More recently Qantas has switched its strategy from “stick” to “carrot”, last month announcing that from 29 November this year travel agents and other third party distributors would be able to take advantage of Australian domestic fares at lower prices via the QDP, “offering better value and confidence when booking Qantas fares”.
“Lower pricing will be a great incentive for our partners in adopting the Qantas Distribution Platform as well as creating more value and confidence when booking Qantas fares,” enthused QF Executive Manager of Global Sales and Distribution, Igor Kwiatkowski.
“The initiative will complement the many capabilities already enabled through our distribution platform, from dynamic commission offers to personalisation for customers,” he added.

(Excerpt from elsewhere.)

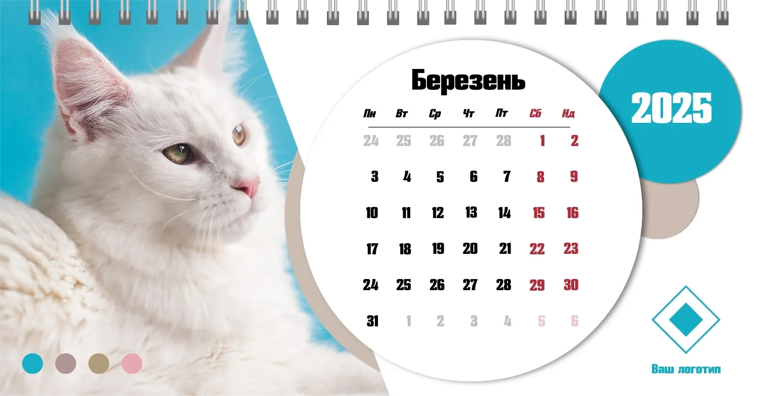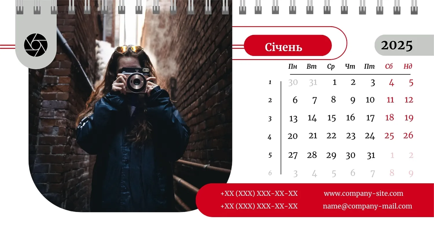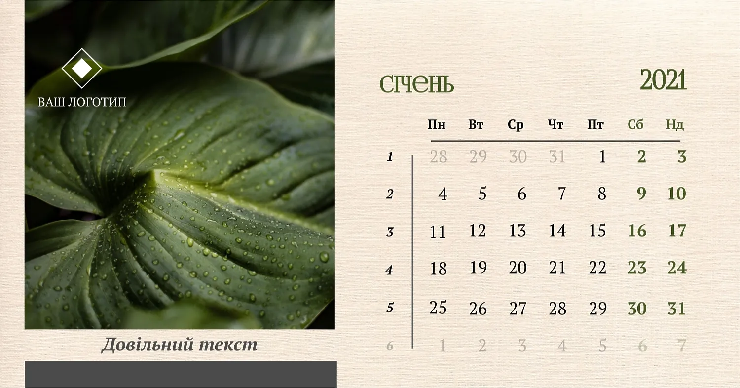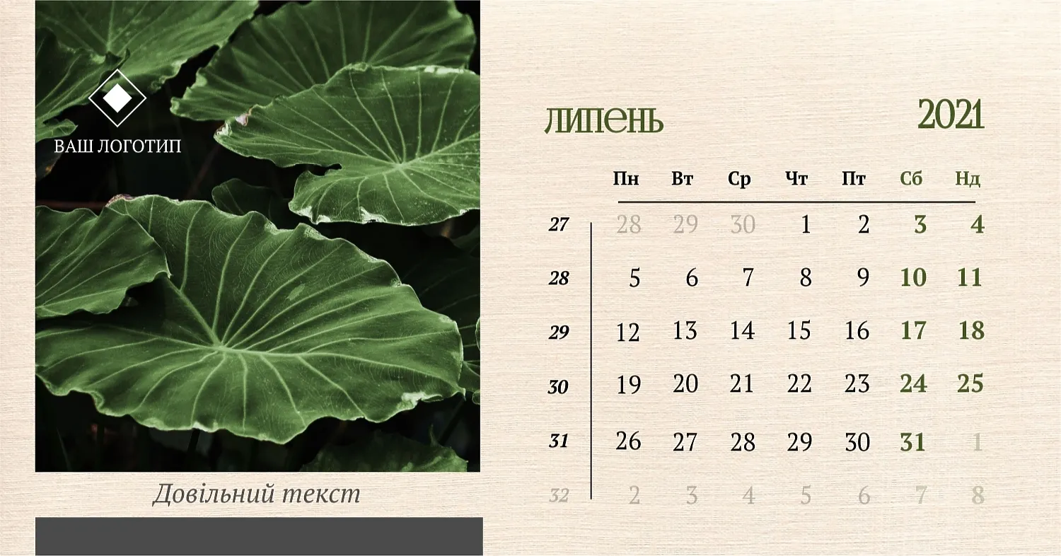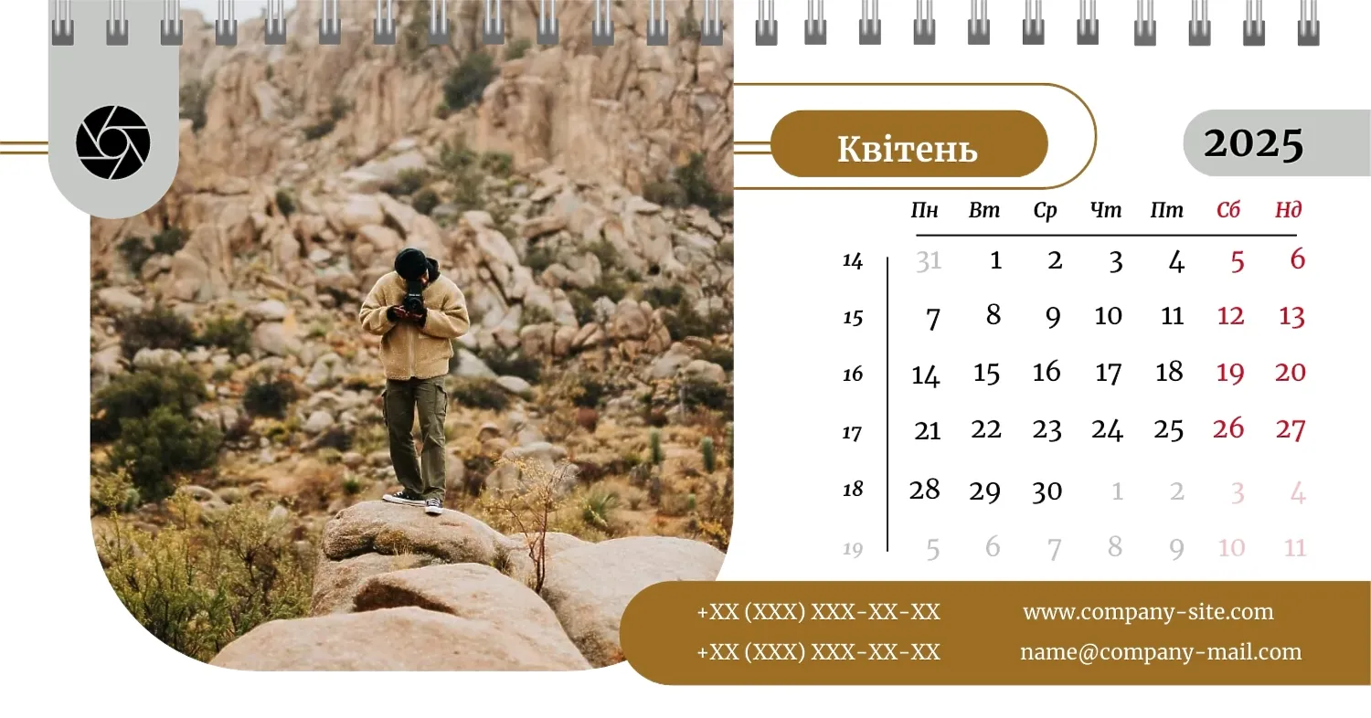 Готовий шаблон настільного горизонтального перекидного календаря з кіньми створений для тих, хто цінує природну гармонію, динаміку і символіку сили. На зображеннях представлені потужні і благородні тварини, які асоціюються зі свободою, прагненням вперед і внутрішньою рівновагою. Такий календар прекрасно підійде для кінних клубів, ферм, ветеринарних центрів, зоомагазинів, а також для тренерів, інструкторів, фотографів і всіх, хто захоплений кінним спортом або просто любить коней. Він буде однаково доречний як в робочому кабінеті, так і в домашньому інтер'єрі, створюючи атмосферу спокою і натхнення. У нашому онлайн-конструкторі цей шаблон можна легко адаптувати під особисті переваги. Ви можете замінити фотографії на свої власні знімки коней, додати логотип клубу або господарства, змінити шрифти, кольори і розстановку елементів. Є можливість підписати місяці, виділити важливі дати, відзначити змагання, тренування, дні народження та інші події. Будь-який елемент календаря – від фону до дрібних деталей-піддається редагуванню, що дозволяє створити дійсно персоналізований варіант. Онлайн-конструктор працює максимально зручно і просто: всі зміни відображаються відразу, можна експериментувати з композиціями, пробувати різні стилі і зберігати кілька варіантів.

In somewhat of an understatement, Kwiatkowski noted that some partners were “still in the process of connecting to the platform,” with QF providing additional support for the initiative in the lead-up to the launch of lower QDP pricing. However given statements by Tams last week those hopes of a rapid sign-up from some of the carrier’s largest customers may be in vain. The ATMC Executive Director said the platform’s current deficiencies mean that most TMCs are still holding off signing up for it. “We won’t take the risk of inconveniencing our clients,” he said.
“Qantas’ recent comments that lower pricing is the latest benefit available to trade partners felt a little like they were jumping the gun, given the gap between the promise and reality. It’s great that NDC will allow lower fares, but from a corporate travel perspective for it to work, the solution also needs to accommodate the necessary flexibilities,” Tams suggested.
It’s difficult to track the full adoption of NDC across the world, but statements by some presenters during the BTTB conference suggested as little as 1% of global flight bookings are currently being made through New Distribution Capability channels, with the vast majority of those being in the leisure space. Clearly IATA (and Qantas) have a long, long way to go before this “new standard” actually becomes a new standard.